To run the benchmark with the generated data set, simply use the trtllm-bench throughput subcommand. The benchmarker will run an offline maximum throughput scenario such that all requests are queued in rapid succession. You simply need to provide a model name (HuggingFace reference or path to a local model), a generated dataset, and a file containing any desired extra options to the LLMApi (details in tensorrt_llm/llmapi/llm_args.py:LlmArgs).

trtllm-bench --model $model_name throughput --dataset $dataset_file --backend pytorch --extra_llm_api_options $llm_options

llm_options.yml

 pytorch_backend_config:
  use_cuda_graph: true
  cuda_graph_padding_enabled: true
  cuda_graph_batch_sizes:
  - 1
  - 2
  - 4
  - 8
  - 16
  - 32
  - 64
  - 128
  - 256
  - 384
  - 512
  - 1024
  - 2048
  - 4096
  - 8192

In majority of cases, we also use a higher KV cache percentage by setting --kv_cache_free_gpu_mem_fraction 0.95 in the benchmark command. This allows us to obtain better performance than the default setting of 0.90. We fall back to 0.90 if we hit an out of memory issue.
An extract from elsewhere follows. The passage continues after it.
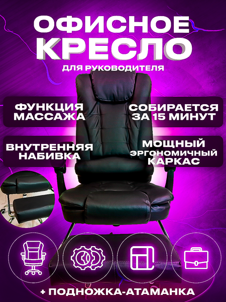Усиленное компьютерное кресло. Может быть использовано как надёжное офисное кресло или же, дома, в уютных посиделках, как игровое или геймерское кресло. Конструкция офисного кресла усилена до 200кг в среднем. Так же обивка надёжная – данные офисные кресла в ткани или компьютерные кресла в кожзаме – выдерживают до 8-10 лет пользования. Выдерживает нагрузку до 250 кг спокойно - крестовина цельносварная, металлческая, хромированная. Газлифт III степени. (За 4е года практики ремонта кресел, за заменой металл крестовины обратились раза 3и от силы, ибо металл устойчивее к динамическим нагрузкам). Очень ценная функция данного креслица - вибромассаж. В каркасе встроено 2а вибро блока. Да, сравнивать с проф массажными креслами не уместно, но через слой кофта+куртка - ощущается внушительно. Отлично воздействует на спину, при длительном сидении 100% оцените данную опцию. Иногда включить на 10мин - милое дело. Обивка кожзам - плотный, толстый (видно по сгибу). 10тыс. циклов на истирание по тесту Мартиндейла. По живучести (из опыта переобивки кресел), в рамках домашнего использования 5-8 лет вполне прослужит. В условиях офиса - поменьше. Отлично чистится мыльным раствором. Отстрочка на производственных швейных машинах (другие подобную толщину не возьмут). По набивке - мебельный поролон 25 плотности (наивысшей для мебели) верхняя проложка - синтепух (плотность 1000г\м), кресло не "сдуется" на 1й или 5й год использования. Кто любит помягче, самое то. Мягкость, в сравнении с иными креслами - высокая. Сидишь с комфортом, как в любимом домашнем кресле. Как на перине. Удобная регулировка по наклону - с возможностью фиксации в любом (!) удобном вам положении до 150гр. Спинка регулируется по высоте, с возможностью фиксации в любом (!) удобном для вас положении. На рост 150-185см весьма комфортно (из опыта ведения точки самовывоза) Регулировка базы (сидушки) по высоте. Фиксация в удобном положении. Штоки роликов и сами ролики - усиленные, так же под бОльший вес до 250кг. выдерживает нагрузку до 250кг, вибромассаж, подножка выдвижная. Инструкция по сборке (болты\ключ) в комплекте. Соберёте за 10 минут выдерживает нагрузку до 250кг, вибромассаж, подножка выдвижная. Инструкция по сборке (болты\ключ) в комплекте. Соберёте за 10 минут
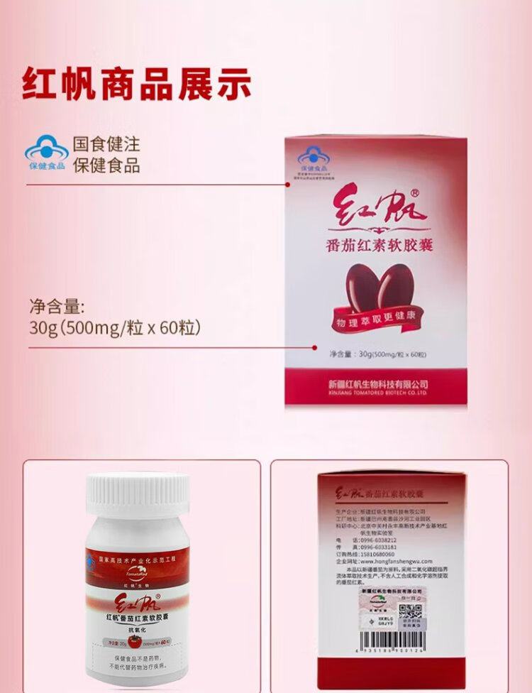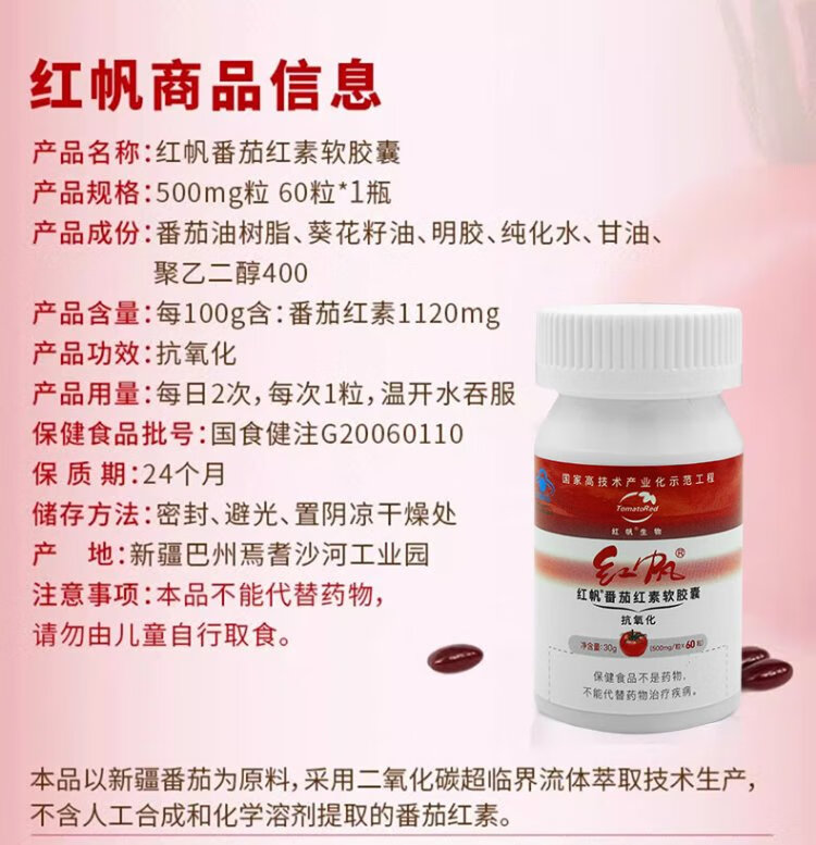 Hongfan R Lycopene Soft Capsule 500mg/capsule*60 capsules antioxidant

The results will be printed to the terminal upon benchmark completion. For example,

===========================================================
= PERFORMANCE OVERVIEW
===========================================================
Request Throughput (req/sec):                     43.2089
Total Output Throughput (tokens/sec):             5530.7382
Per User Output Throughput (tokens/sec/user):     2.0563
Per GPU Output Throughput (tokens/sec/gpu):       5530.7382
Total Token Throughput (tokens/sec):              94022.5497
Total Latency (ms):                               115716.9214
Average request latency (ms):                     75903.4456
Per User Output Speed [1/TPOT] (tokens/sec/user): 5.4656
Average time-to-first-token [TTFT] (ms):          52667.0339
Average time-per-output-token [TPOT] (ms):        182.9639

-- Per-Request Time-per-Output-Token [TPOT] Breakdown (ms)

[TPOT] MINIMUM: 32.8005
[TPOT] MAXIMUM: 208.4667
[TPOT] AVERAGE: 182.9639
[TPOT] P50    : 204.0463
[TPOT] P90    : 206.3863
[TPOT] P95    : 206.5064
[TPOT] P99    : 206.5821

-- Per-Request Time-to-First-Token [TTFT] Breakdown (ms)

[TTFT] MINIMUM: 3914.7621
[TTFT] MAXIMUM: 107501.2487
[TTFT] AVERAGE: 52667.0339
[TTFT] P50    : 52269.7072
[TTFT] P90    : 96583.7187
[TTFT] P95    : 101978.4566
[TTFT] P99    : 106563.4497

-- Request Latency Breakdown (ms) -----------------------

[Latency] P50    : 78509.2102
[Latency] P90    : 110804.0017
[Latency] P95    : 111302.9101
[Latency] P99    : 111618.2158
[Latency] MINIMUM: 24189.0838
[Latency] MAXIMUM: 111668.0964
[Latency] AVERAGE: 75903.4456

[!WARNING] In some cases, the benchmarker may not print anything at all. This behavior usually means that the benchmark has hit an out of memory issue. Try reducing the KV cache percentage using the --kv_cache_free_gpu_mem_fraction option to lower the percentage of used memory.